Methods: We performed a retrospective observational chart review study examining documented digital rectal examinations, before and after removal of a point-of-care fecal occult blood test, on all adult patients who presented to our ED with chief complaints that were likely to warrant a fecal occult blood test (intervention-sensitive). We studied the 6 months immediately before and after switching from bedside fecal occult blood testing to immunohistochemical laboratory fecal occult blood testing. We compared the results with those from a similar cohort of patients who presented during the same period, with chief complaints that would warrant a digital rectal examination for reasons other than fecal occult blood test (intervention-insensitive).
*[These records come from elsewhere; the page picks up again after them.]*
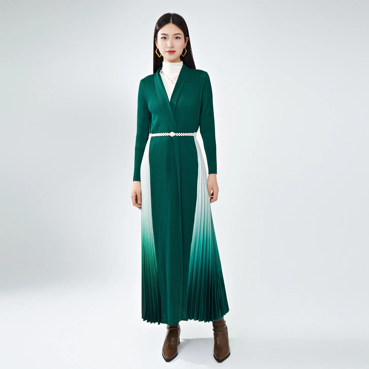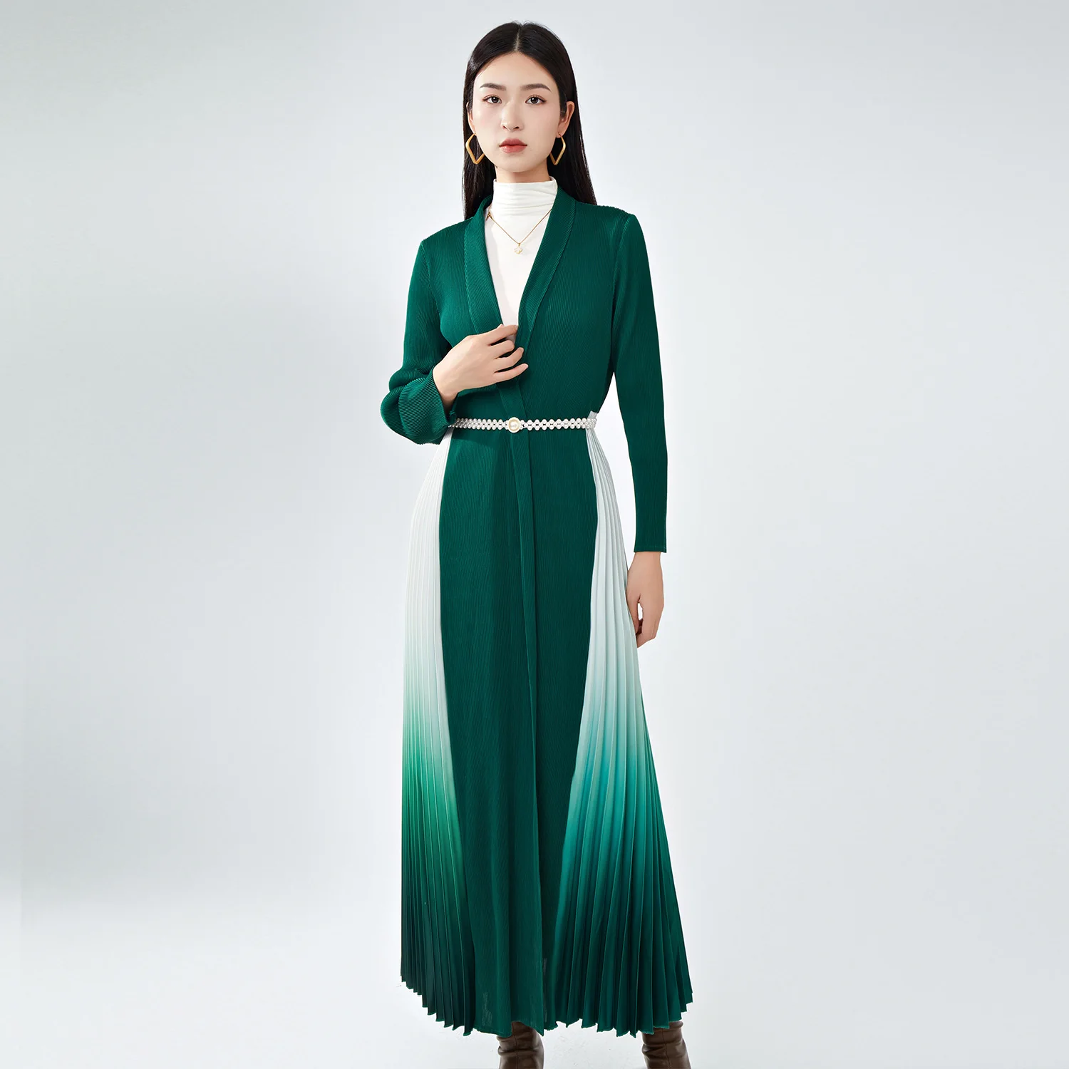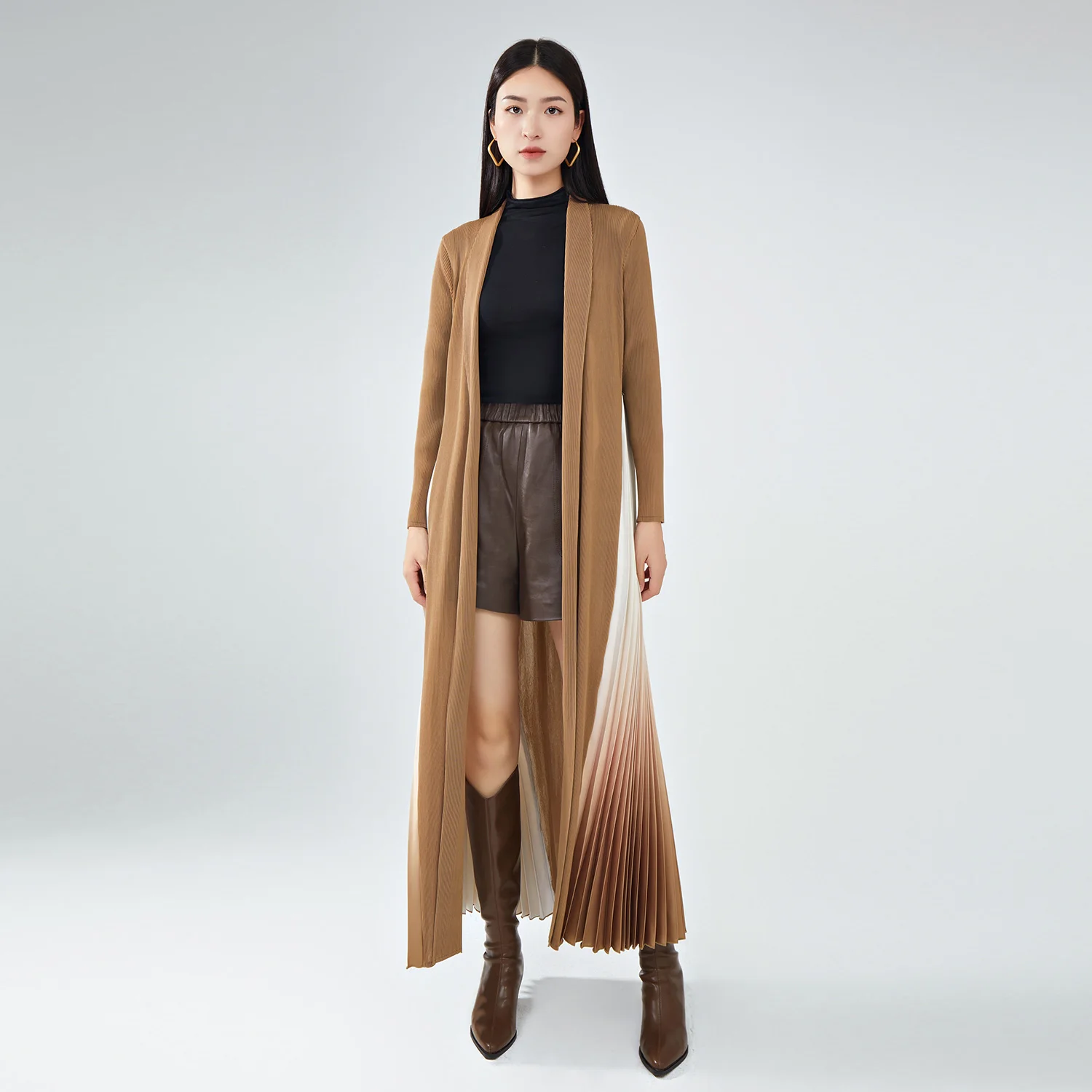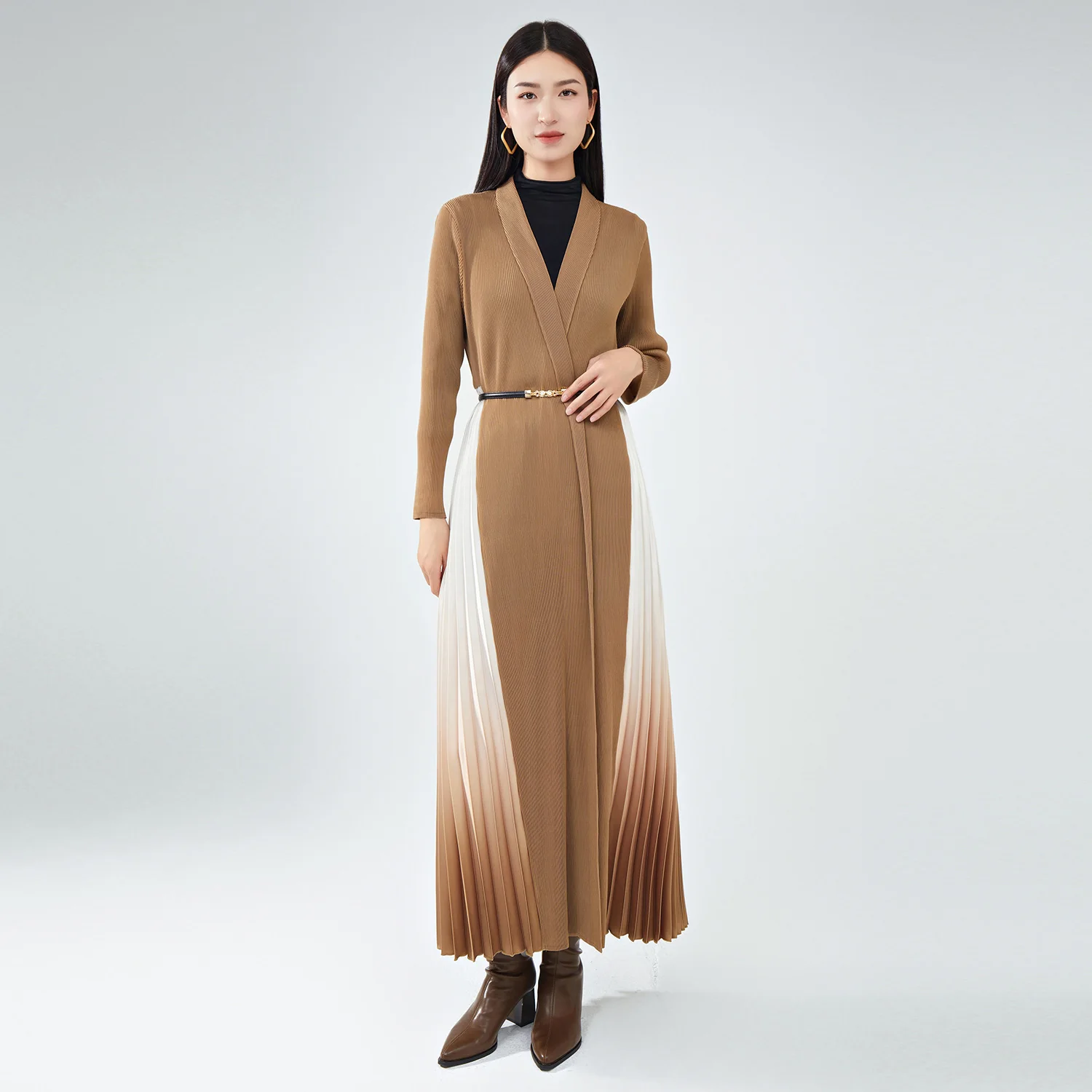 Hot Sale Factory Customized High Quality Gradient Color Designer Long Coat Splicing Pleated Robes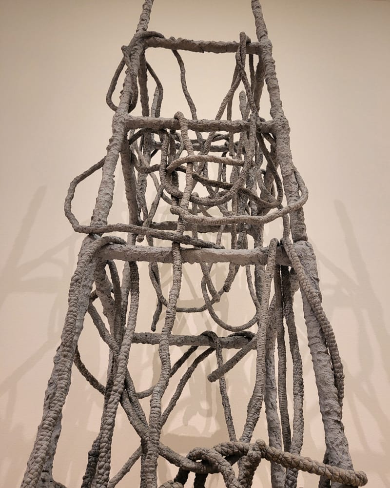 Hesse fans unable to travel to Oberlin will still find much to embrace in the catalogue, including the opportunity to revisit the work over time — though the bound-and-printed experience does lack the anchor of seeing "Laocoön" in person. The ladder-like construction, iced with dripping gray latex, stands alone as a strange, stately monument and witness not only to Hesse’s incredible aptitude for material and formal exploration, but to the results when the surrounding forms and figures step off the paper and into three-dimensional reality.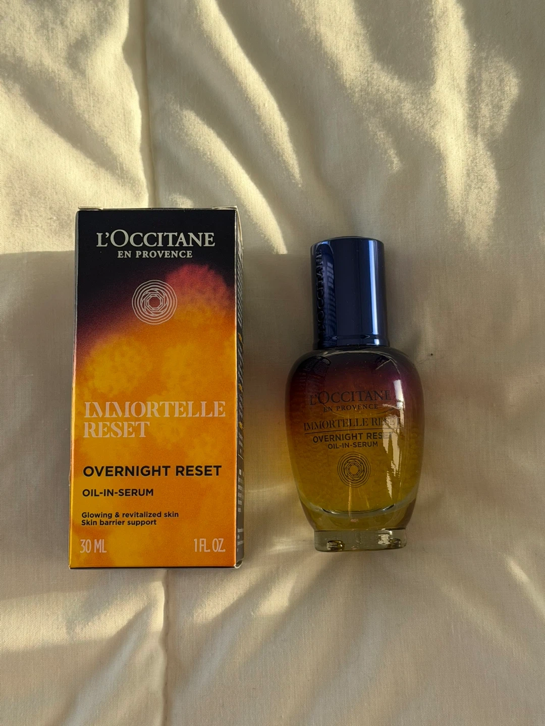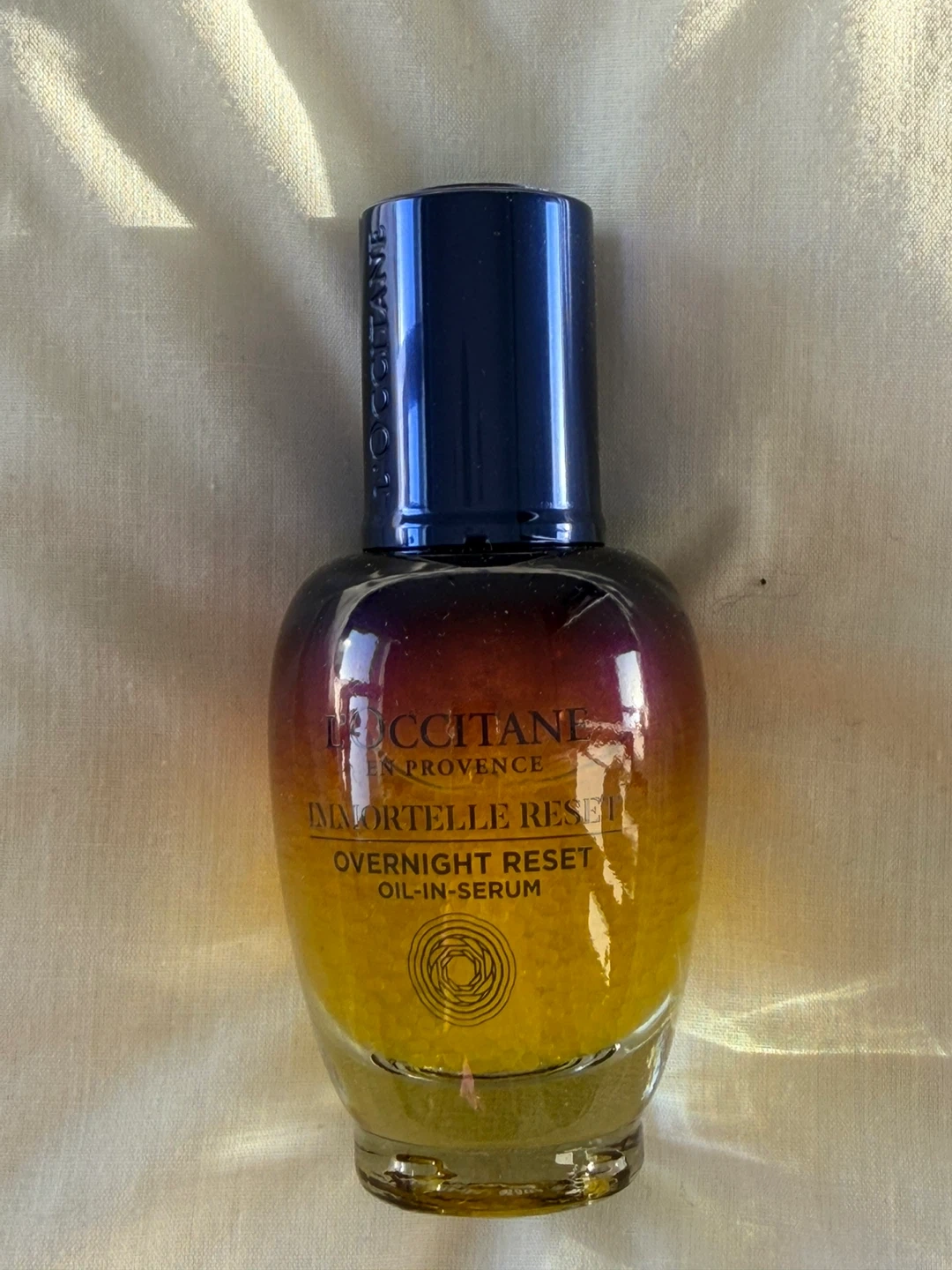 I'm selling a L'Occitane Immortelle Reset Overnight Reset Oil-In-Serum. It's designed to provide glowing and revitalized skin while supporting the skin's barrier function. This serum comes in a 30 mL (1 fl oz) bottle. Perfect for your nighttime skincare routine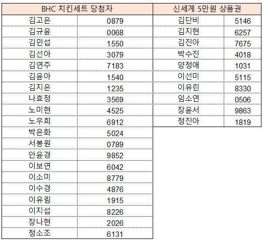추첨을 통해 아래의 당첨자들에게는 각각 BHC 치킨세트, 신세계 5만원 상품권이 발송됩니다.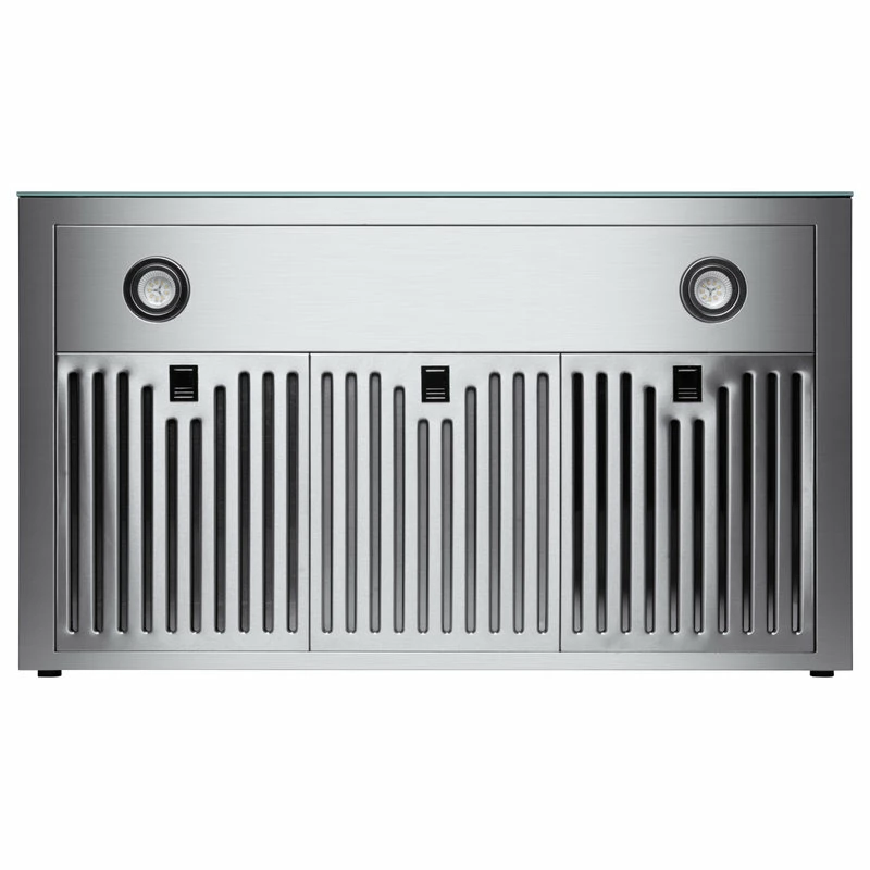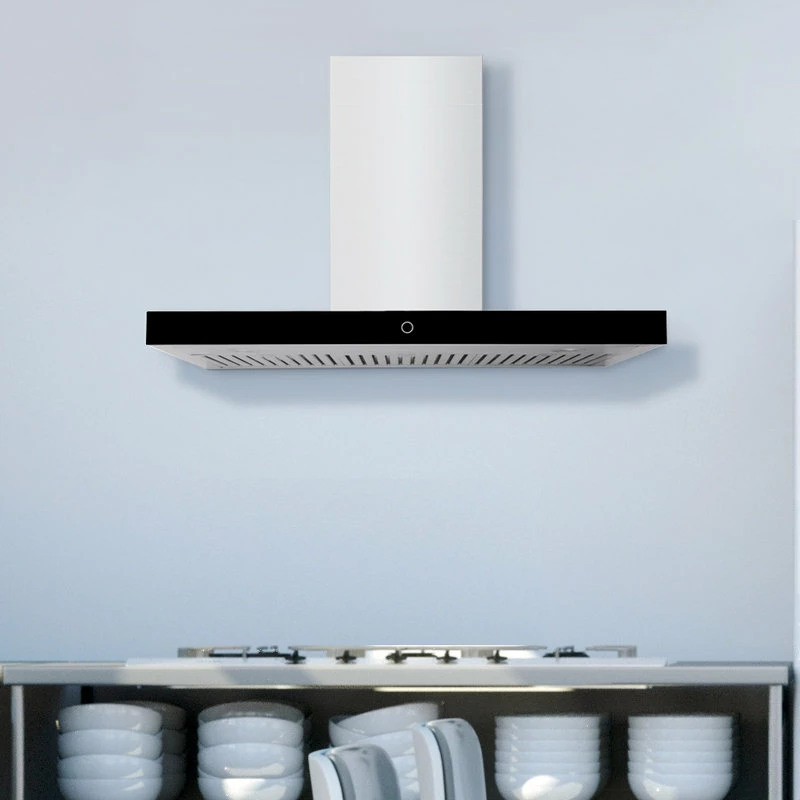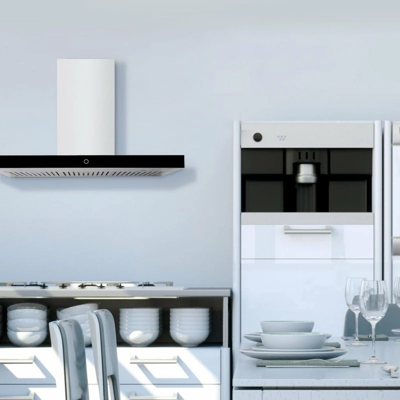 – CONTEMPORARY RANGE HOOD: This wall mount extractor’s contemporary design of tempered glass and stainless steel creates a bold, clean, and minimal statement suited to a modern or professional style kitchen.

Results: A total of 4,981 and 5,557 patients met our inclusion criteria during the before and after intervention periods, respectively. We observed an overall reduction of 10% (95% confidence interval [CI] 8% to 12%) in digital rectal examinations in patients with intervention-sensitive chief complaints. The largest relative decreases in digital rectal examinations were observed in patients with chief complaints of abdominal pain, nausea/vomiting, and diarrhea. Smaller decreases were observed in gastrointestinal bleeding, constipation, and rectal problem. There was an overall reduction of 3% (95% CI 0% to 5%) in documented digital rectal examinations in intervention-insensitive chief complaints. After controlling for all covariates, digital rectal examinations decreased in the postintervention period for intervention-sensitive (odds ratio 0.44 [95% CI 0.39 to 0.50]) and, to a lesser extent, for intervention-insensitive (odds ratio 0.67 [95% CI 0.52 to 0.86]) conditions.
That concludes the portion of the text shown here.